DIBP REFERENCE(S):  BCC2015/3338590 CLF2016/20076

MEMBER:Tony Caravella

DATE:31 May 2016

PLACE OF DECISION:  Perth

DECISION:The Tribunal remits the application for a Working Holiday (Temporary) (Class TZ) visa for reconsideration, with the direction that the applicant meets the following criteria for a Subclass 417 (Working Holiday) visa:

·cl.417.211(5) of Schedule 2 to the Regulations.

Statement made on 31 May 2016 at 12:33pm

STATEMENT OF DECISION AND REASONS

APPLICATION FOR REVIEW

  1. This is an application for review of a decision made by a delegate of the Minister for Immigration on 2 March 2016 to refuse to grant the applicant a Working Holiday (Temporary) (Class TZ) visa under s.65 of the Migration Act 1958 (the Act).

  2. The applicant applied for the visa on 12 November 2015. At the time the visa application was lodged, Class TZ contained one subclass, Subclass 417 (Working Holiday). The criteria for a Subclass 417 visa are set out in Part 417 of Schedule 2 to the Migration Regulations 1994 (the Regulations). Relevantly to this case, they include cl.417.211(5).

  3. The delegate refused to grant the visa on the basis that the applicant did not meet cl.417.211(5) because the delegate was not satisfied that the applicant had provided sufficient evidence to verify that he had completed 3 months specified work in regional Australia.  

  4. On 14 March 2016, the applicant applied to this Tribunal for a review of the delegate’s decision.

  5. On 20 May 2016, the Tribunal received a detailed written submission from the applicant’s agent.  This includes:

    ·    A five-page written submission setting out the relevant law and the applicant’s claims and relevant conclusions;

    ·    A copy of a Form 1263, being a Working Holiday visa: Employment verification and job description;

    ·    Relevant bank statements and a bank authority;

    ·    A letter signed by the applicant’s employer, Mark Craig, and payslips indicating the applicant was employed by M & A Formwork in the period 15 June 2015 to 9 December 2015;

    ·    A letter signed by the applicant’s employer, specifying the locations where the specified work was carried out by the applicant.

  6. The applicant appeared before the Tribunal on 30 May 2016 to give evidence and present arguments.
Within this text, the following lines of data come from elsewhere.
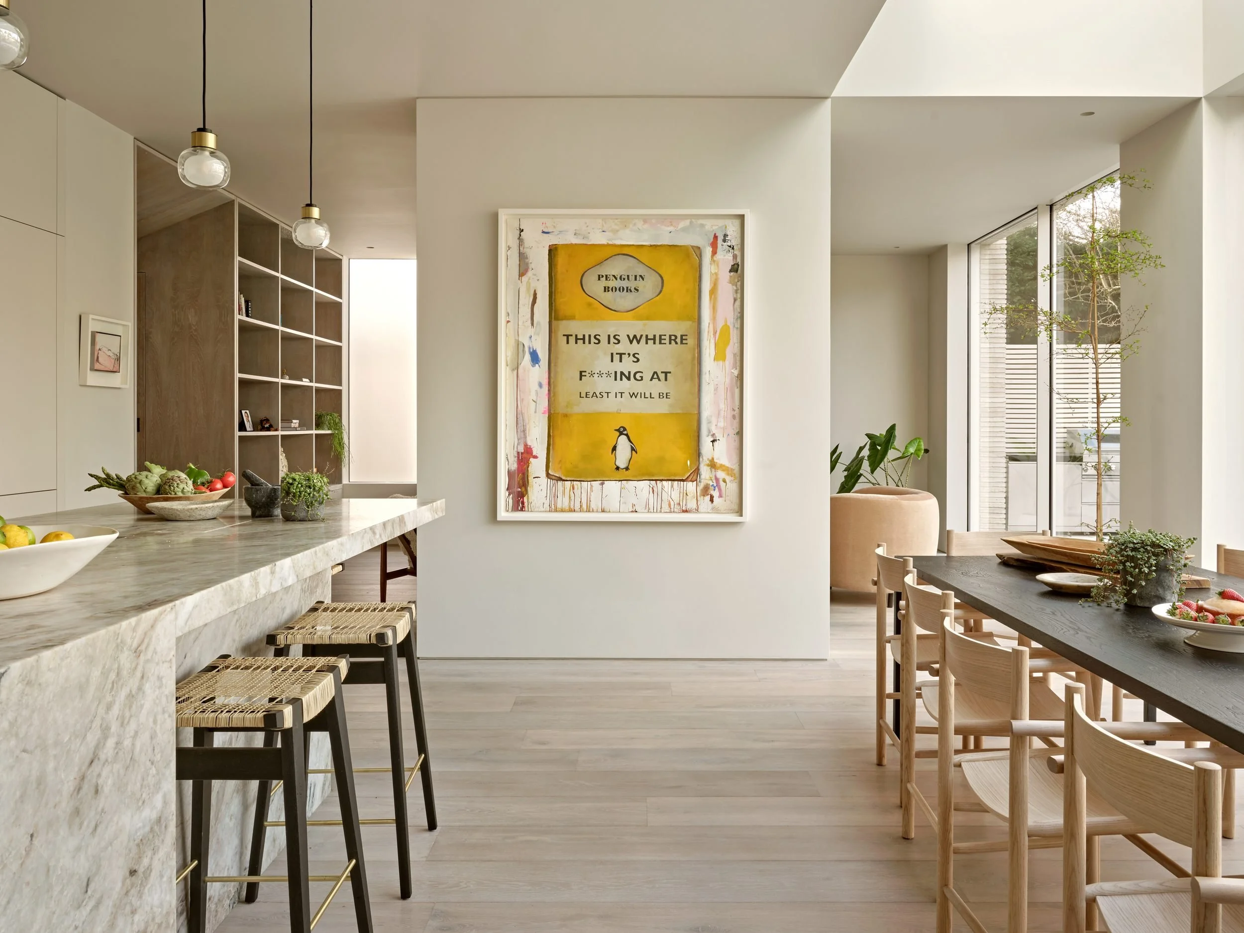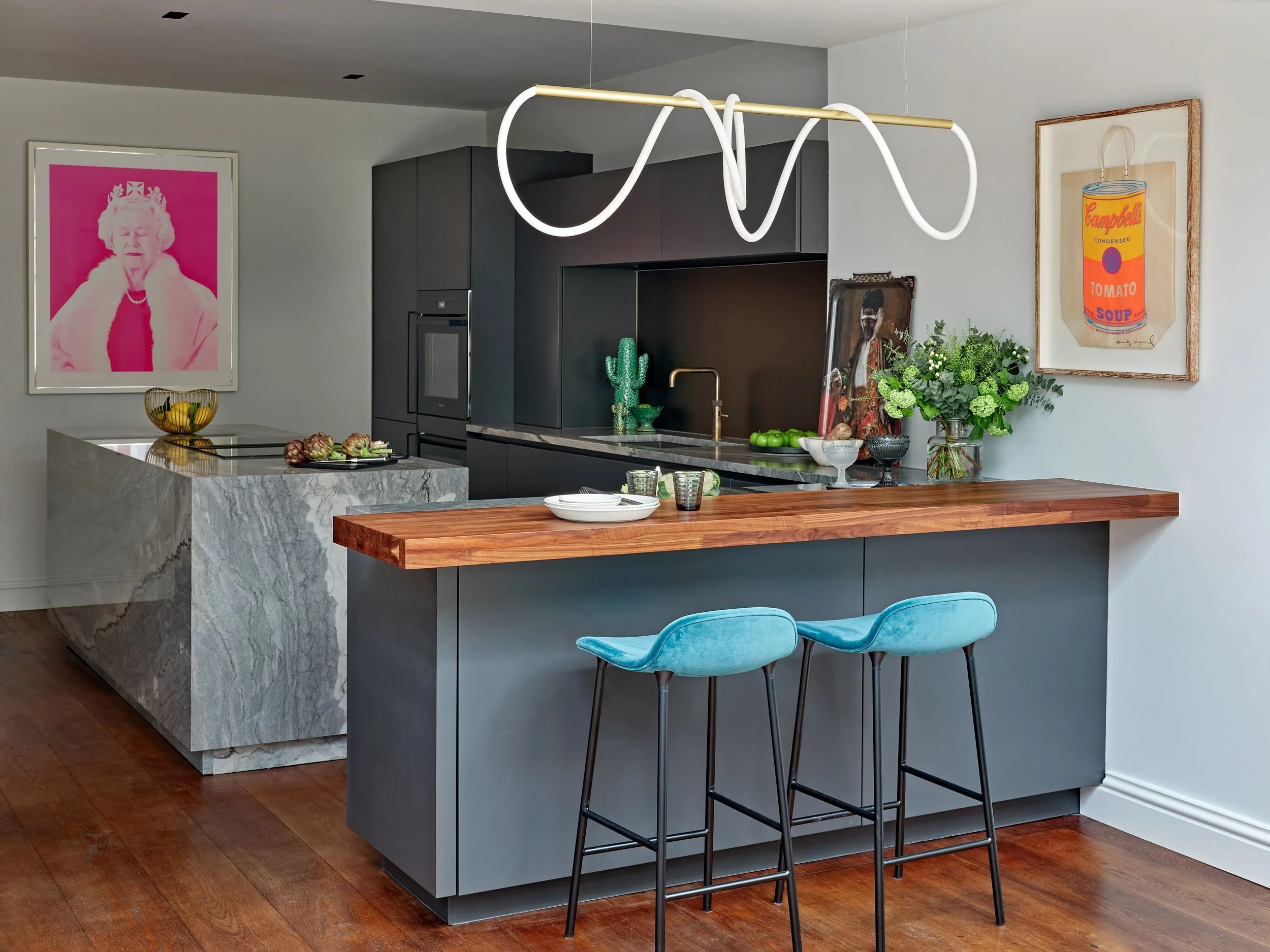 A mix of materials and bold artwork brings a more playful layer to the kitchen, with the timber breakfast bar adding warmth against the darker tones.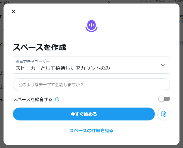 スペースアーカイブを残す基本は、配信開始時の録音設定です。操作自体は数秒で終わります。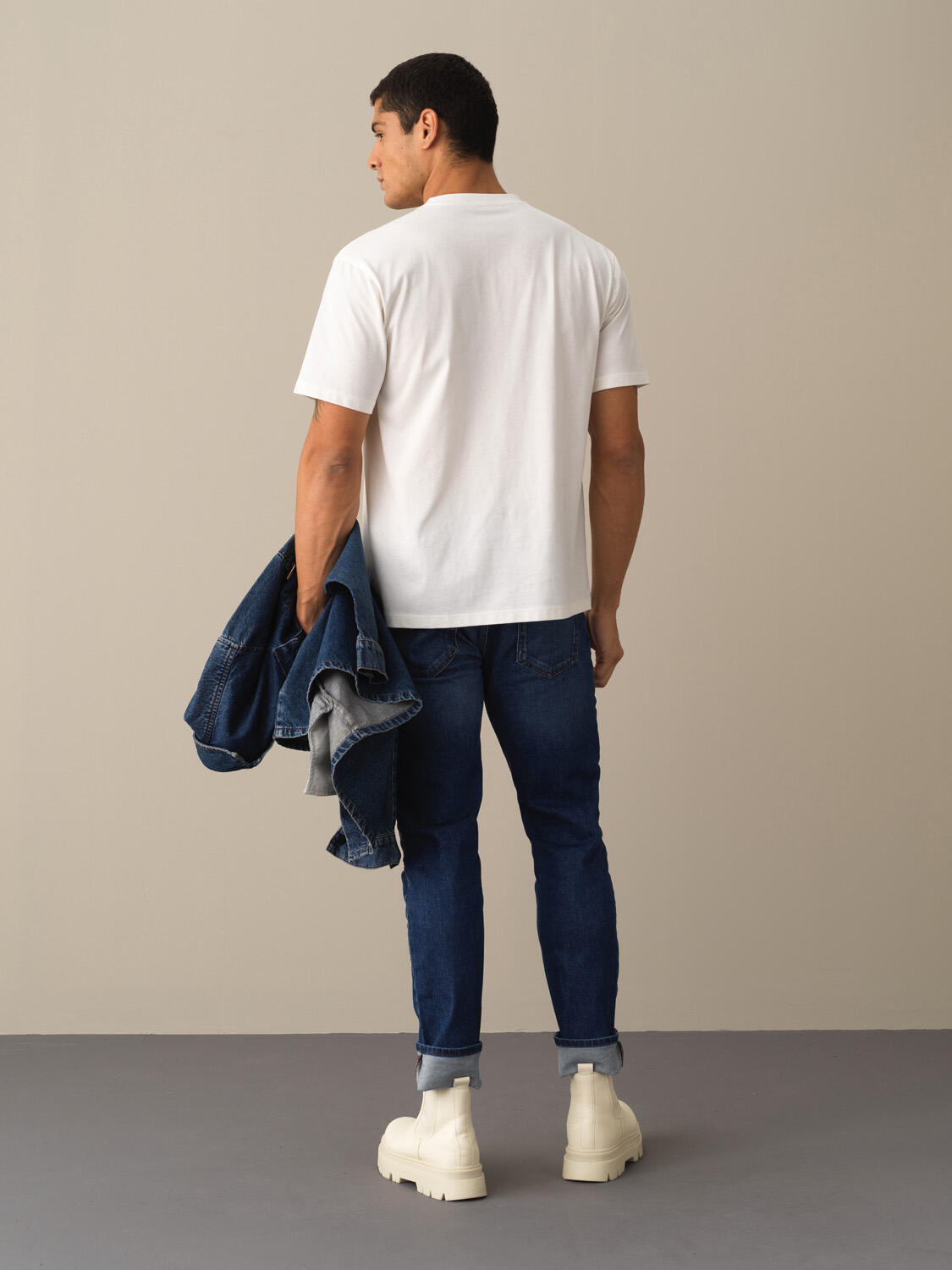 White Luxury Mercerized Textured Regular Fit T-Shirt - Xint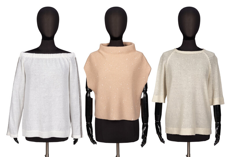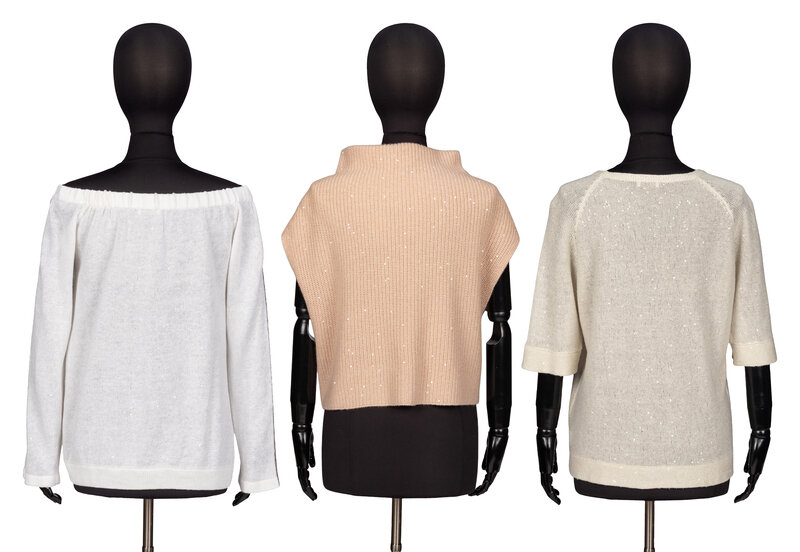Sweater in white linen/silk-blend knit with incorporated clear sequins throughout. Wide bateau, off-shoulder neckline with elastic around neckline edge. Raglan sleeves with two strips of silver-tone monili bead trim down the center of both sleeves. Unlined.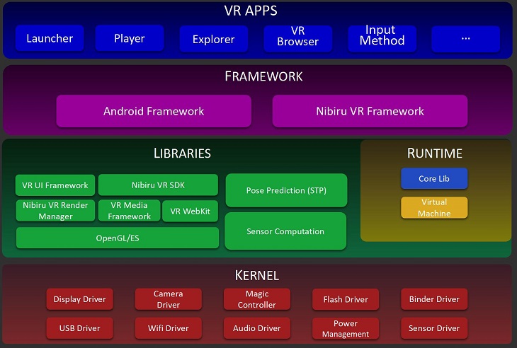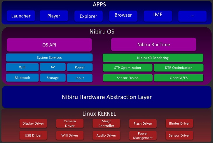 Nibiru XR OS 是自上而下研發(fā)出的操作系統(tǒng),?經(jīng)多年發(fā)展目前與各芯片廠家建立了廣泛的技術(shù)合作,參考設(shè)計(jì)覆蓋主流芯片方案,包括ARM、Intel、Imagination、Qualcomm、Samsung、MTK、Actions、Allwinner、Rockchip等。Nibiru?作為國內(nèi)領(lǐng)先的一體機(jī)系統(tǒng)提供商,與下游硬件產(chǎn)品設(shè)計(jì)公司和品牌公司建立了廣泛的合作。同時(shí)Nibiru在VR一體機(jī)系統(tǒng)、底層優(yōu)化、開發(fā)工具、人機(jī)交互等諸多方面具有領(lǐng)先優(yōu)勢(shì),可提供整體VR行業(yè)解決方案,為APP開發(fā)者提供工具和服務(wù),是整個(gè)VR一體機(jī)重要的一環(huán)。Nibiru 擁有全自主引擎,Nibiru Linux 系統(tǒng)依托于 Nibiru Studio 和 Nibiru Creator 雙引擎工具的支持與協(xié)同,具備很強(qiáng)的架構(gòu)優(yōu)勢(shì)。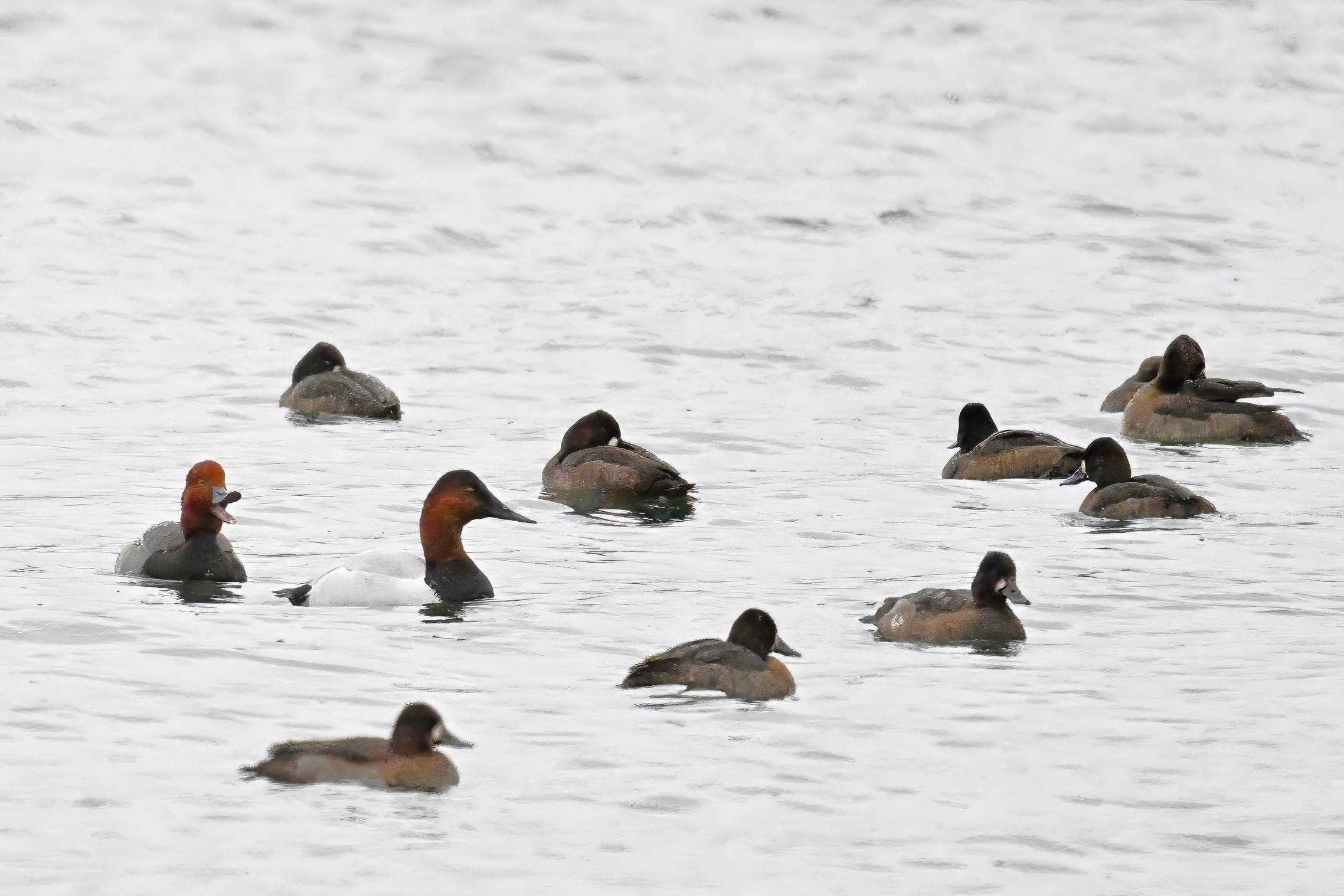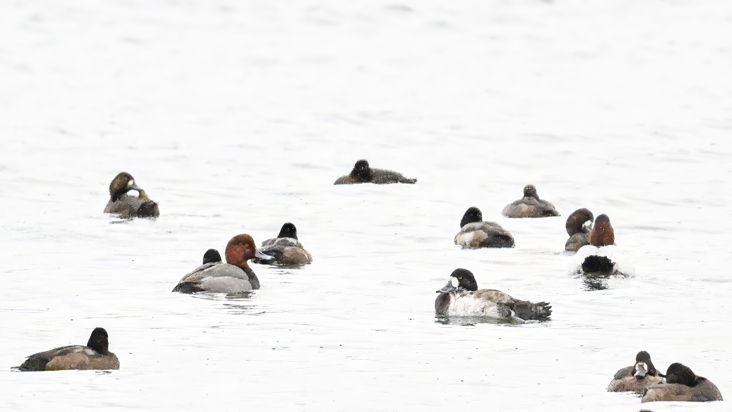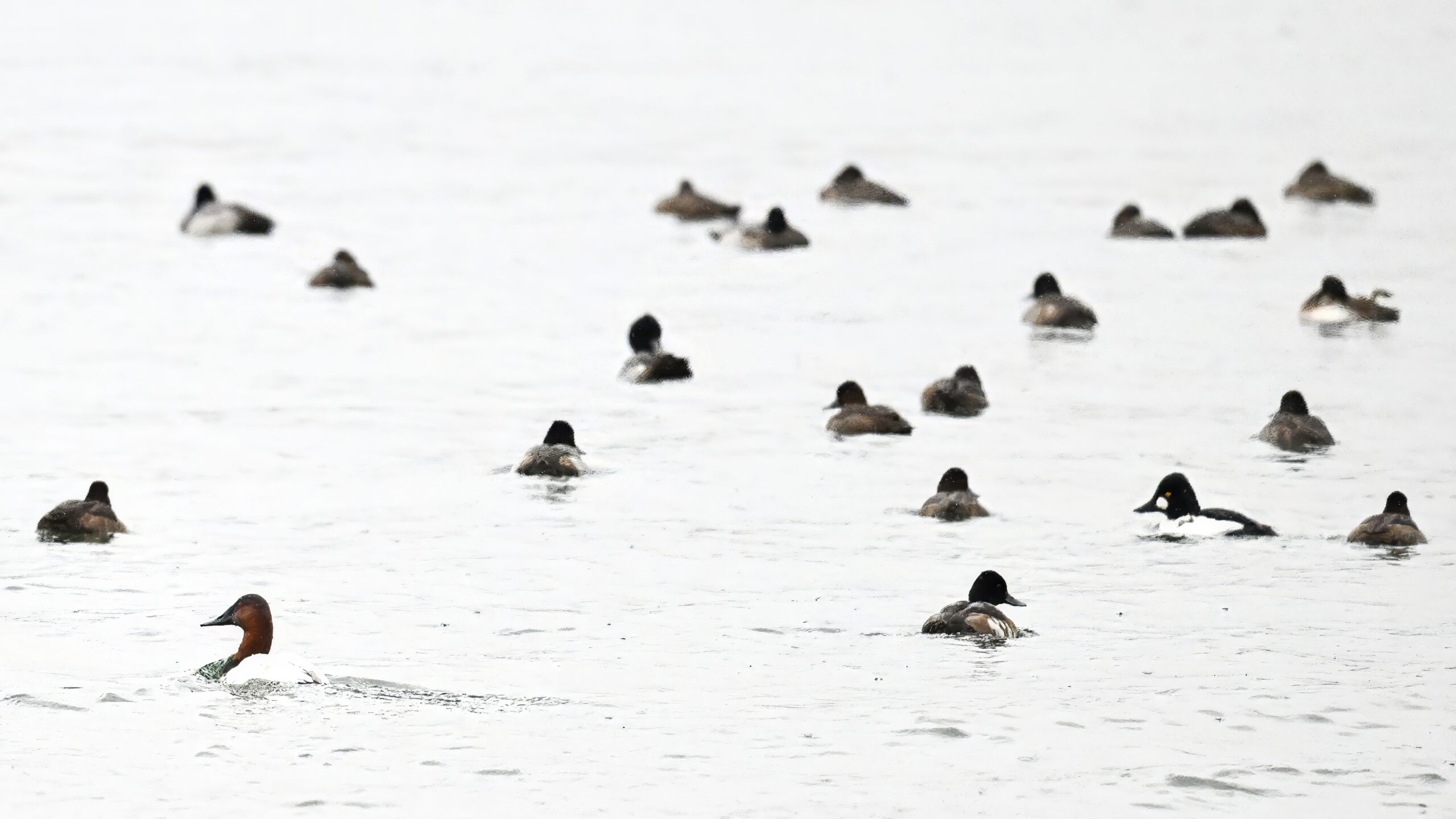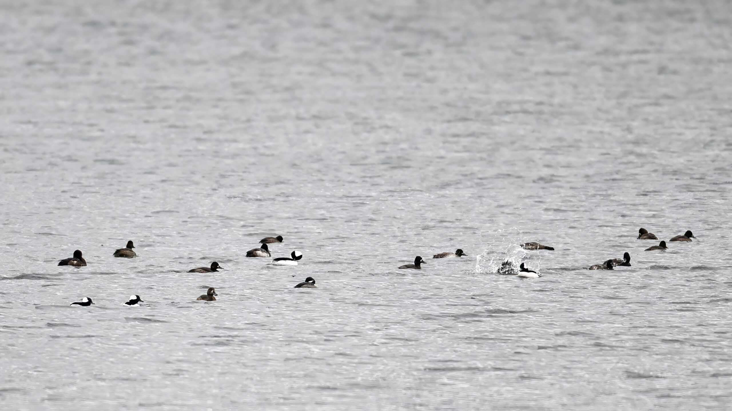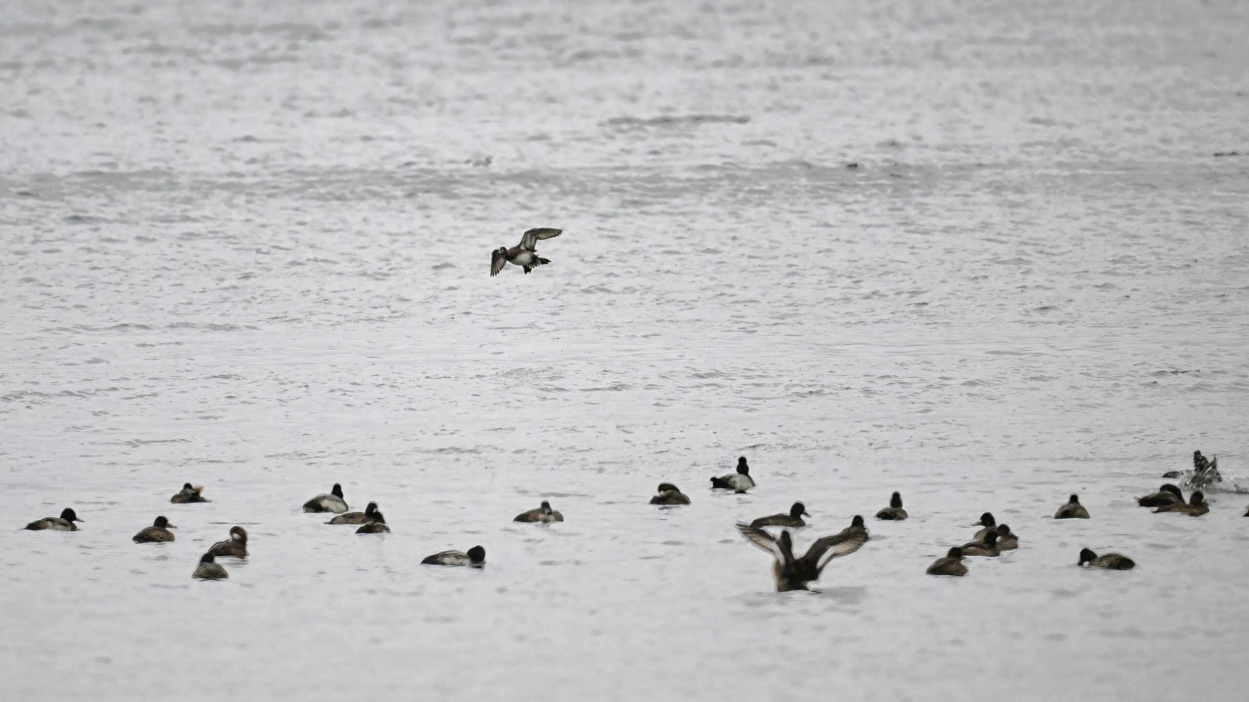Male Bufflehead in flight @ outer Lake ErieTundra Swans on Presque Isle BayCanvasback (m) @ lower left, Common Goldeneye (m) right middle (w/ white spot), rest are Greater/Lesser ScaupFemale/immature Scaup landingScaup landing IIScaup Landing IIIScaup landing IVTundra Swans IIMale Redhead (far left center) + male Canvasback (left center)Redhead (left center) + ScaupTundra Swans IIIHorned Grebe (center)Bufflehead, etc.Scaup on outer Lake Erie

The Tribunal also received oral evidence via telephone from Mr Mark Craig.  The Tribunal hearing was conducted with the assistance of an interpreter in the Spanish and English languages.

  7. The applicant was represented in relation to the review by his registered migration agent.  The applicant’s agent also attended the hearing.

  8. After briefly explaining the procedural aspects of the hearing, and explaining its understanding of the delegate’s reasons for refusing to grant the second Working Holiday visa, the Tribunal invited the applicant to give his evidence and to make his submissions. 

  9. The applicant began by saying that he believed that he has complied with the requirements for the grant of a second Working Holiday visa.  He said he had worked in what he understood was ‘regional Australia’.  He also said that he had calculated that he had worked for over 88 days, in fact he claimed he had calculated that he had worked for 96 days in regional Australia.   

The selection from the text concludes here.